== Your goal ==
Everything in the data gets repeated exactly, except for the pictures.

++++ Data provided

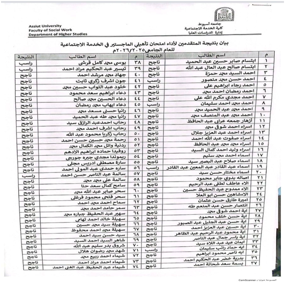 The Faculty of Social Work extends its sincerest congratulations to its students who have successfully passed the entrance exam for the PhD preparatory program. We wish them continued success and fulfillment in their academic and research endeavors, and hope they will achieve further excellence and contributions that serve the community and contribute to achieving the Sustainable Development Goals and Egypt's Vision 2030.
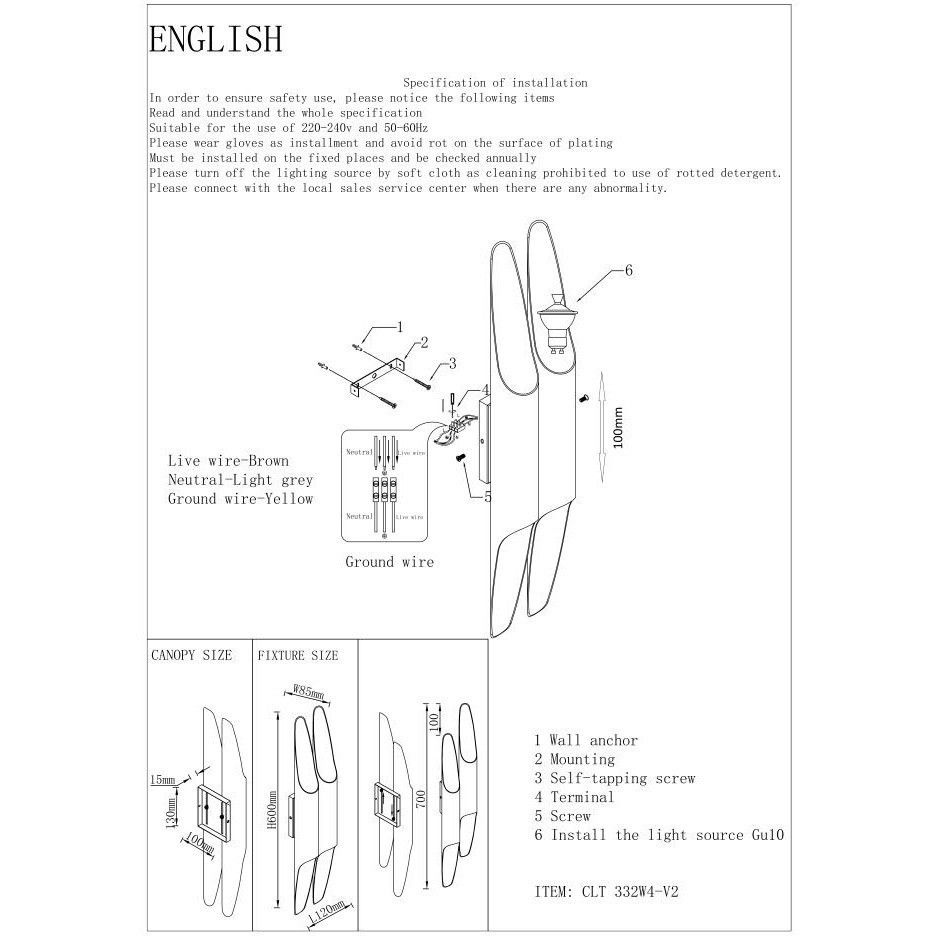 Crystal Lux Настенный светильник, GU10, 50 Вт
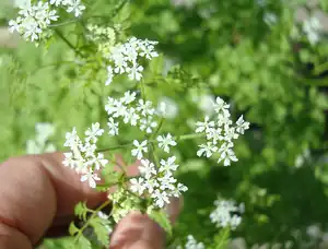 Chervil (Anthriscus cerefolium) is a hardy annual herb with a sweet odour. In appearance it is like parsley, only a lot finer, paler in color and not as strong. It has white flowers when blossoming. On occasion chervil may grow again in the second year due to its large tap root but this is an exception.

++++++++

== Exercise solution ==
 The Faculty of Social Work extends its sincerest congratulations to its students who have successfully passed the entrance exam for the PhD preparatory program. We wish them continued success and fulfillment in their academic and research endeavors, and hope they will achieve further excellence and contributions that serve the community and contribute to achieving the Sustainable Development Goals and Egypt's Vision 2030.
 Crystal Lux Настенный светильник, GU10, 50 Вт
 Chervil (Anthriscus cerefolium) is a hardy annual herb with a sweet odour. In appearance it is like parsley, only a lot finer, paler in color and not as strong. It has white flowers when blossoming. On occasion chervil may grow again in the second year due to its large tap root but this is an exception.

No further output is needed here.